Once you have LateralAccessDevice installed on your hardware and set up on your network, you may wonder "what now?"

The simplest way to get started is to log in and see what there is to see. When you log in to LAD, on the main menu you will see a list of all your devices (if you have more than nine, the list will spill over to a separate page). LAD will try to figure out the names of the devices (oftentimes using the MAC address), but you can nickname them as you choose, for convenience. As your computers and other networked devices do their thing, the LAD system will automatically detect them and track their activity.

Take a look at the reports, perhaps first looking at the general report on internet usage, and then looking at the reports for individual devices, which can give you an immediate perspective on what is going on. Or, take a look at the DNS logs — you may be surprised at what you find. The DNS logs may be the easiest place to start. From the logs you can limit which domain names an individual computer or device may access by clicking on the "blacklist" icon right in the log.
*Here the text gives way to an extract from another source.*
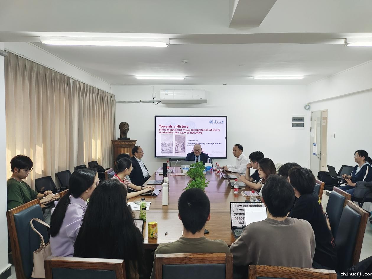 本网讯 12月15日下午,由我院主办的学术讲座“奥利弗·戈德史密斯小说《威克菲尔德牧师传》元文本视觉阐释史(1767-1802)”在白云山校区第一教学楼北楼446会议室顺利举行。复旦大学外国语言文学学院特聘教授、文本文化研究中心主任、国际期刊ANQ主编Sandro Jung教授担任主讲嘉宾,刘茂生教授主持,外国语言文学学科“云山工作室”首席专家傅修延教授出席,来自校内外的数十名师生到场积极参与交流。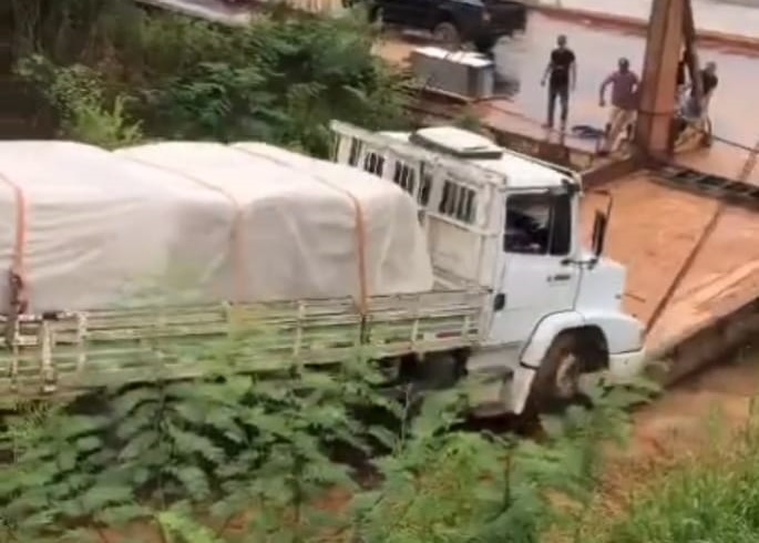Um vídeo divulgado na última sexta-feira, 12, mostra a dificuldade do motorista de um caminhão de carga, que tentava embarcar em uma balsa no Porto de Cruzeiro do Sul, em tentar controlar o veículo que, sob a chuva, escorrega na rampa enlameada.

You will likely see a lot of domain names corresponding to the various ad networks. It may be a good idea to block them, and not because it is annoying to be bombarded with ads wherever you go (even though it is). Back in 2013 we pioneered research into the dark side of the ad networks with the release of our report "Marketing Cybercrime to Infect America." As we reported back then, hackers have discovered a nifty way to get into your life through the ads that you had no choice but to view when you went on the Internet. While you may think that the online ads are simply digital versions of an print advertisement you might see in a magazine, the truth is that it is far removed and online ads have become pernicious ways to compromise whosoever may see them.

One strategy for handling suspicious domain names is to simply block them and see if anything stops working like it should. If it does, it's simple to unblock. If you don't notice any difference, leave it blocked and don't give it another thought. Another strategy is more pointed: don't like your kids' computer connecting to Facebook when they should be doing homework? You can block the domain name with a click.

You may ask why this process isn't automated. The answer is simple. You are the one who best knows how you use your Internet connection, whether you only use it in the evenings or check email round the clock or have gaming marathons on the weekends. No automated system could know what is normal and what is out of place as well as you do.

Do you need to check reports every day? Well, that is up to you, depending on your needs and circumstances. Many may find it most efficient (and still effective) to click around the reports every so often, just to see if anything odd or out of place catches their eye.